Cantuaria medialis
- Conservation status: Data Deficient (NZ TCS)

Scientific classification
- Kingdom: Animalia
- Phylum: Arthropoda
- Subphylum: Chelicerata
- Class: Arachnida
- Order: Araneae
- Infraorder: Mygalomorphae
- Family: Idiopidae
- Genus: Cantuaria
- Species: C. medialis
- Binomial name: Cantuaria medialis Forster, 1968

= Cantuaria medialis =

- Authority: Forster, 1968
- Conservation status: DD

Species of spider

Cantuaria medialis is a species of trapdoor spider endemic to New Zealand.

==Taxonomy==
This species was described in 1968 by Ray Forster from a single female specimen collected in Marlborough. The holotype is stored at Otago Museum.

==Description==
The female is recorded at 17mm in length. The carapace and legs are pale reddish to orange brown.

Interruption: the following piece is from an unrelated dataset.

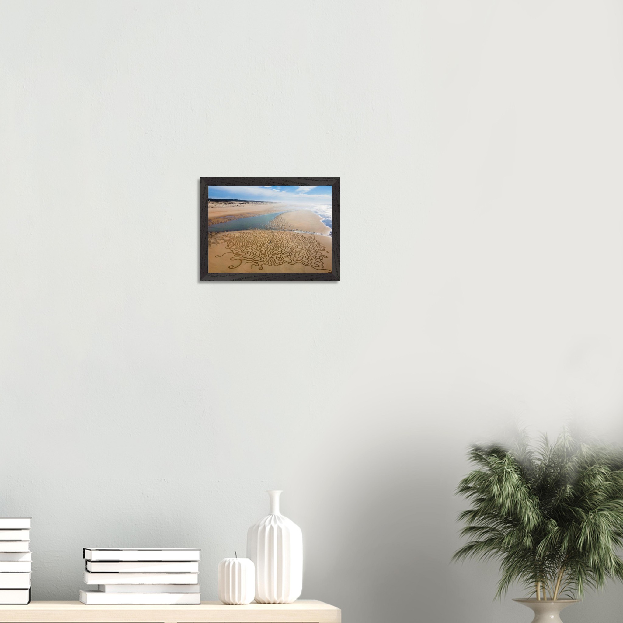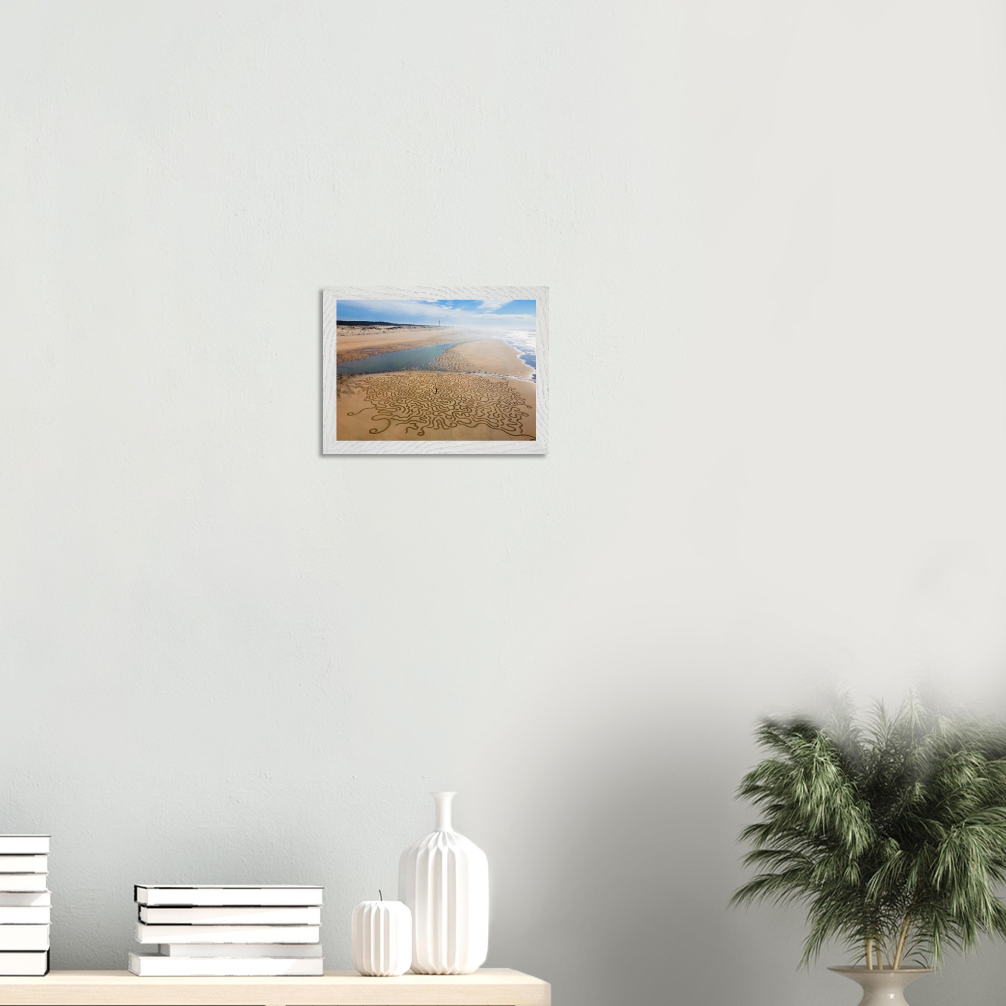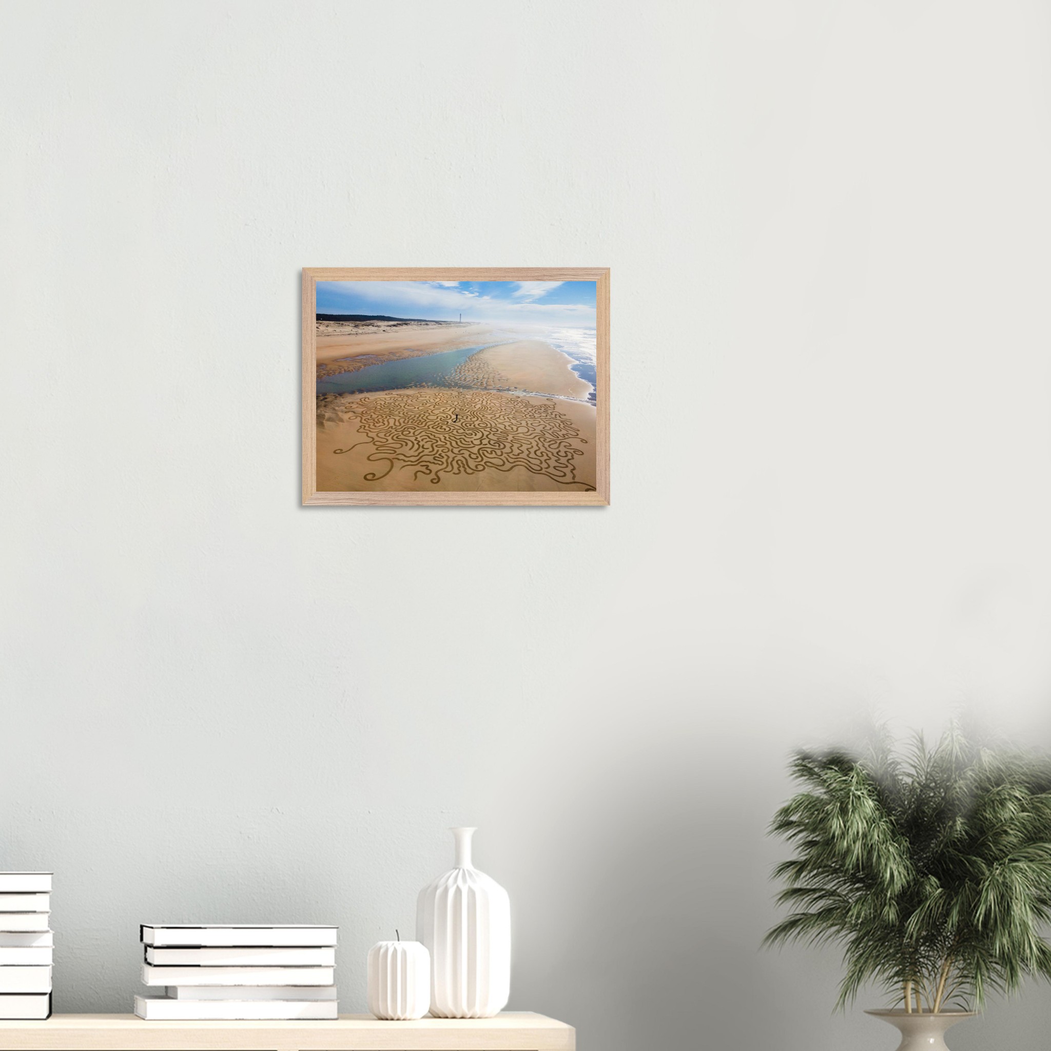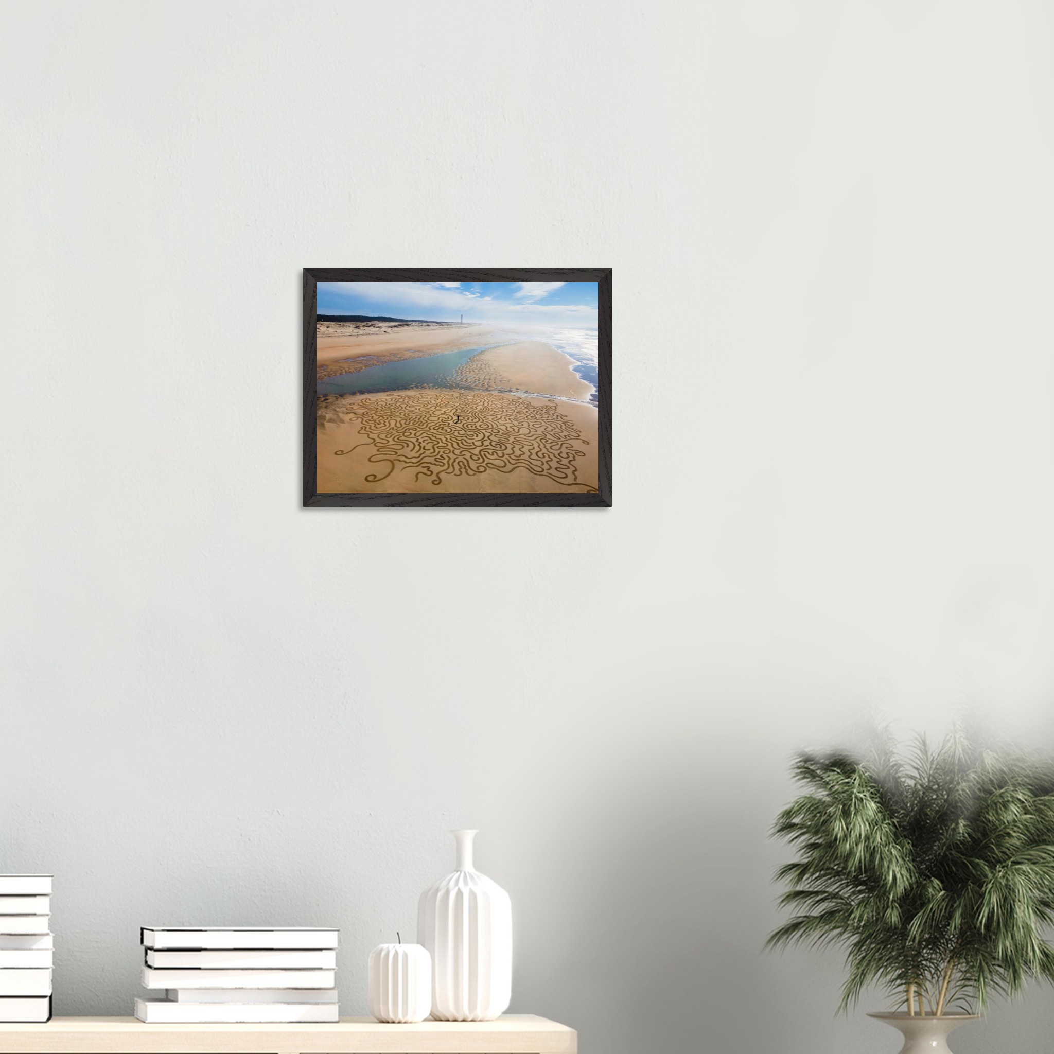 Ses arabesques tracées dans le sable se déploient sur une vaste plage, comme un réseau organique reliant terre et mer.

The abdomen is shaded dorsally with reddish brown.

==Distribution==
This species is only known from Marlborough, New Zealand.

==Conservation status==
Under the New Zealand Threat Classification System, this species is listed as Data Deficient with the qualifiers of "Data Poor: Size", "Data Poor: Trend" and "One Location".